The film was her first experience playing  a CGI-animated character, something she had been curious to do after watching and admiring similar roles played by Zoe Saldana, Bradley Cooper and Benedict Cumberbatch. It’s also, interestingly, an opportunity for her to transcend race or gender altogether. Maz, her character, is beyond any debates about skin tone. ‘The opportunity to play a CGI character for me was the opportunity to not be limited by my physical circumstances. I could experience being bigger or smaller, something totally different to who I am. And of course it’s in a galaxy far, far away.’  

She’ll play another animated character, Raksha, in The Jungle Book, the second of three Disney films she’s made in the past year. In the third, the Mira Nair-directed Queen Of Katwe, she plays the mother to real-life Ugandan chess prodigy Phiona Mutesi. 

But it’s her role producing and starring in the film adaptation of bestselling and Beyoncé-sampled novelist Chimamanda Ngozi Adichie’s Americanah that is the purest example of Lupita as Force with a capital F. 

‘Americanah is something I went after before anyone knew who I was,’ she says. ‛I read the book and said,
“I have to do this.”’ So she got in touch with Chimamanda through a friend. And now, as an Oscar winner, she’s making the film with a little help from Brad Pitt, who is producing the movie through his company Plan B. 
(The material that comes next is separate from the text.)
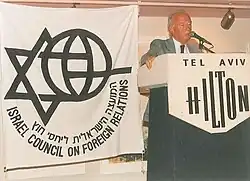 ICFR was founded in 1989 by David Kimche (1928–2010), a former deputy-director of the Mossad, the Israeli intelligence agency, who later served as director-general of Israel's Ministry of Foreign Affairs and Israeli ambassador-at-large.[3] The Israel Council on Foreign Relations is dedicated to the examination of international affairs, with special emphasis on world Jewish concerns and Israeli foreign policy. Based on the models of the New York Council on Foreign Relations and the British Chatham House, the Council is not affiliated with any governmental or academic institutions. It is an autonomous body maintaining a non-partisan approach to foreign policy matters, and accommodating a broad range of viewpoints.[1] Participants in the Council come from a wide cross-section of the most influential spheres of Israeli society, including government and Knesset officials, university professors, and leading businessmen, bankers, lawyers, and journalists.[4] The Council functions under the auspices of the World Jewish Congress, of which ambassador Ronald S. Lauder is president. The Council hosts speakers from around the world, including heads of state, prime ministers, foreign ministers, and other distinguished visitors. As well, the council hosts conferences, seminars, and a monthly European-Israeli Young Diplomats' Forum.
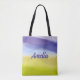 Geometric wave lime yellow lavender with name tote bag

Lupita sees this as an opportunity to make the stories that were missing from her own childhood. ‘I felt like I had never read a book nor experienced a story that so richly and adequately described and expressed what it’s like to be an African elsewhere. So I felt such a strong relationship to it. And what I loved about it was that it’s unapologetically a love story. That, too, was so refreshing, the fact that these two Nigerians, these two people forced apart by circumstances and into these worlds in which they don’t necessarily belong, go looking for home and end up finding it in each other. And within that story you’re confronted with all of these interesting social questions such as, “What’s the difference between being an African in America and an African-American?” And you just feel seen. There’s a power in that,’ she says. ‘I remember reading it and thinking, “I’d love to see this story played on screen, and I want to play that role.”’
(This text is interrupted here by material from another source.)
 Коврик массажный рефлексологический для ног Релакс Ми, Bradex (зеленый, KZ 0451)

That two of her upcoming film projects are centred around African characters isn’t intentional, but Lupita does admit it’s important. ‘[My work] is not limited to Africa, but Africa is my first paradigm so it’s something I feel a little starved for. Now that I have some small platform, I want to use it to tell those stories.’ Much like her part in bringing the play Eclipsed, about four captive wives of a rebel soldier in the second Liberian Civil War, from being a pipe dream at Yale (she understudied for it as a student) to a full-blown New York reality (she made her off-Broadway debut in October): ‘I get my mind fixed on something and I find a way to do it.’ Early press for the production has already been glowing, with a recent The New York Times article calling it a ‛feminist reading’ of the African country’s internal conflict. The Guardian, meanwhile, described Lupita’s performance as ‘immediate and devastating’.

To chart Lupita’s career is to watch a woman quietly and elegantly raze her way through obstacles to score a string of record-setting firsts. ‘I know being an African woman on a Hollywood platform is not something you see every day, and I feel how special that is and I respect it. And I signed up for it. I wouldn’t trade it,’ she says. ‘I definitely don’t think it should be left up to me to represent an entire continent in this industry. And that’s not the case. But someone has to go first, and if one of those people is me, than yes please.’ May the force be with her.